Li et al. used apatinib in a third‐line setting for patients with metastatic gastric cancer at a dose of 850 mg once daily or 425 mg twice daily.17 The incidence of hypertension, proteinuria, and hand‐foot syndrome was 40.43%, 27.66%, and 25.53% in the 850 mg once daily and 39.13%, 34.78%, and 45.65% in the 425 mg twice‐daily groups, respectively. Grade 3 to 4 hand‐foot syndrome and hypertension occurred in more than 10% of patients. Hu et al. recommend a dose of apatinib 500 mg/day rather than 750 mg/day for pretreated patients with metastatic triple‐negative breast cancer, because of the toxicity associated with the higher dose.21 At a dosage of 500 mg/day, the incidence of hypertension, proteinuria, and hand‐foot syndrome was 64.4%, 52.6%, and 49.2%, respectively. The AEs observed in our patient sample included hypertension, proteinuria, and hand‐foot syndrome. We observed more mild to moderate AEs at a dose of 250 mg compared to the 500 mg used by Song et al.20 Zeng et al. reported results of four advanced lung adenocarcinoma patients with KRAS mutations treated with apatinib at a dose of 250 mg/d.22 Only one patient showed grade 1 hoarseness and hemoptysis. Our results indicate that 250 mg/d might be an optional dosage in advanced NSCLC patients. However, further large‐scale clinical trials are needed to verify the most suitable dosage of apatinib.
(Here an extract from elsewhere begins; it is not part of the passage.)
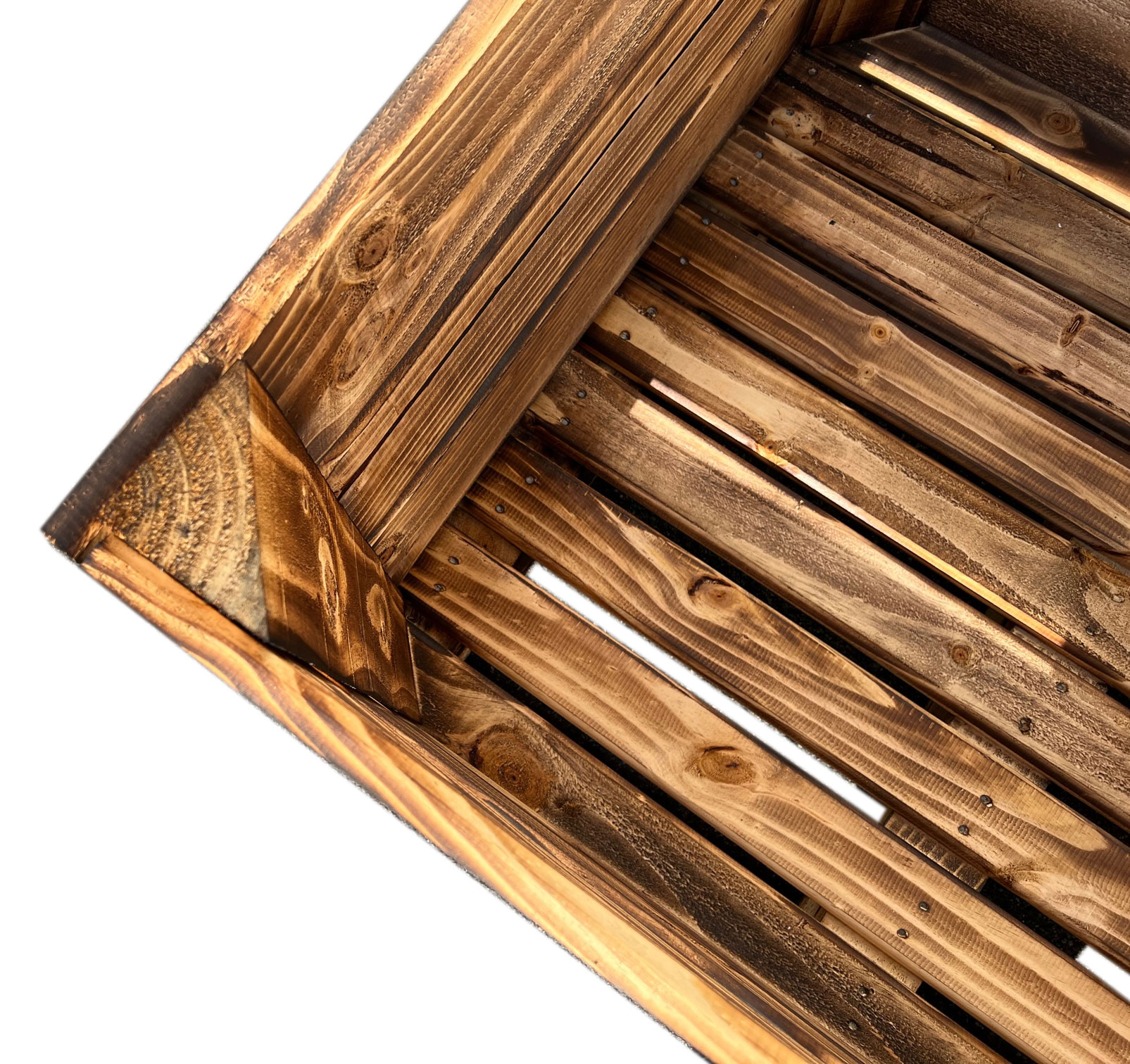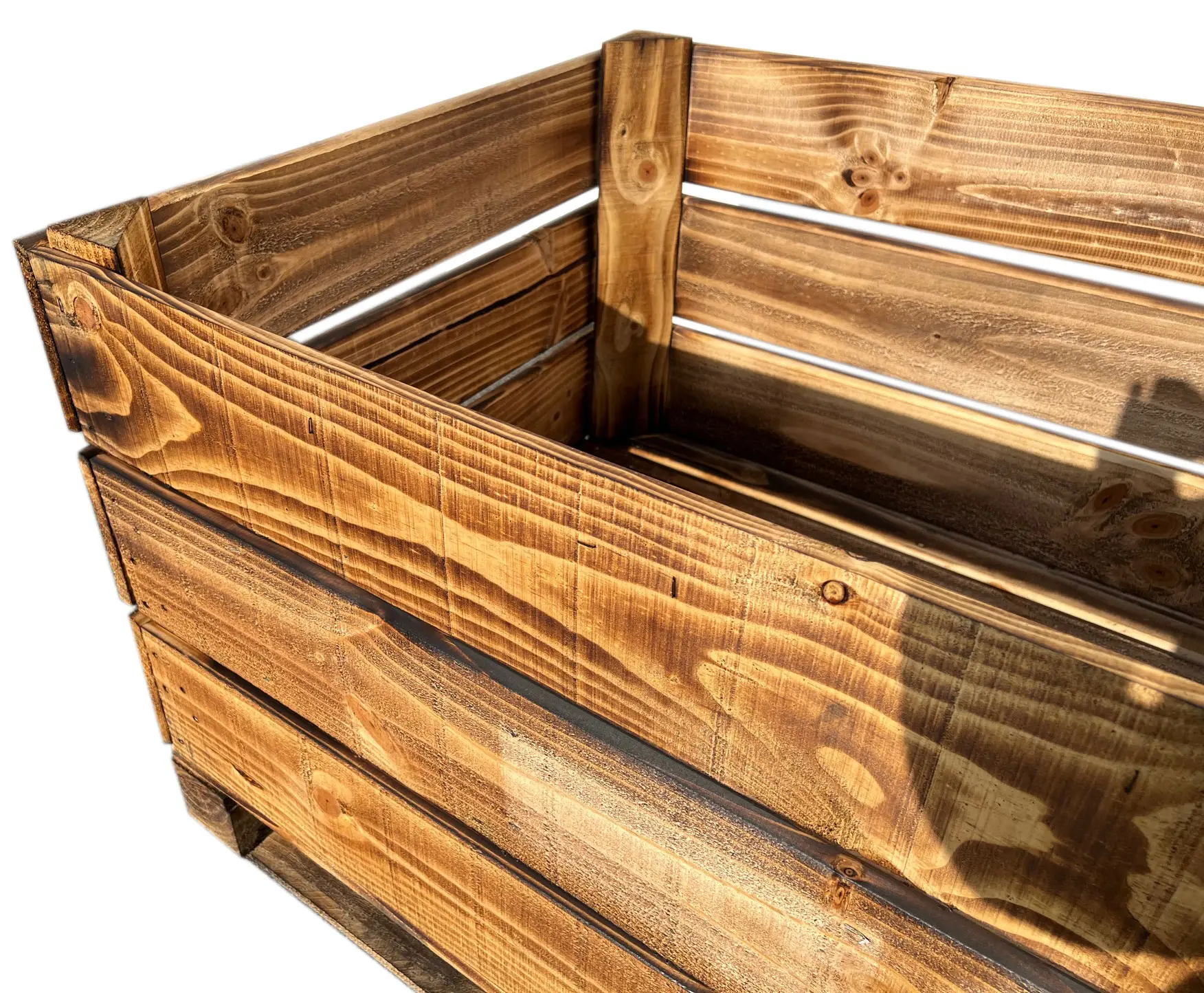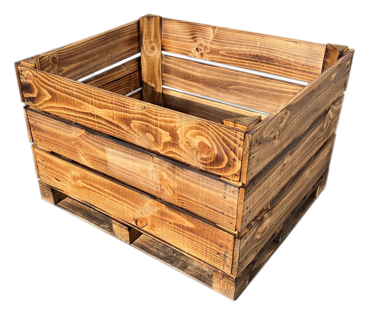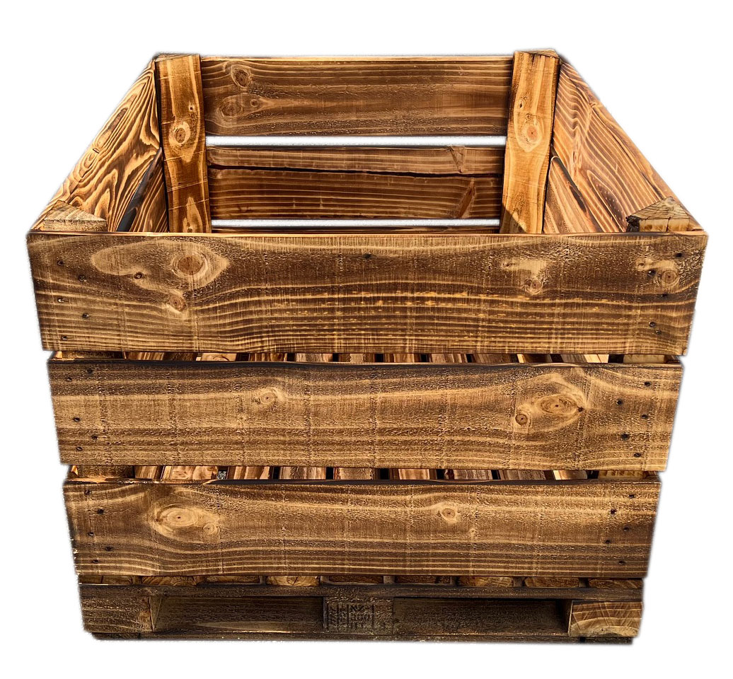 Wir bieten Ihnen alte dunkle Großkisten an, aus denen Sie sich zum Beispiel einen schönen Strandkorb, Stehtisch oder Ähnliches bauen können.

The major limitations of the present study are its small sample size and its retrospective nature. In addition, we observed cavities in the tumor after the administration of apatinib in three patients. As there are currently no evaluation criteria for tumor cavities, we evaluated the tumor diameter ignoring the cavity. During anti‐angiogenesis therapy, patients with advanced lung cancer commonly developed cavitation in their lung lesions.23 A cavernous tumor response could be assessed by volume assessment for target lesions or fluorodeoxyglucose metabolism.24, 25 We expect that evaluation criteria for tumor cavities is forthcoming. Although the dose of 250 mg apatinib in a second‐line setting adopted in this study is not widely recommended, the safety and efficacy observed were promising.

Based on our results, it will be interesting to view further research of apatinib combined with chemotherapy in a first‐line setting for advanced NSCLC.

Disclosure

No authors report any conflict of interest.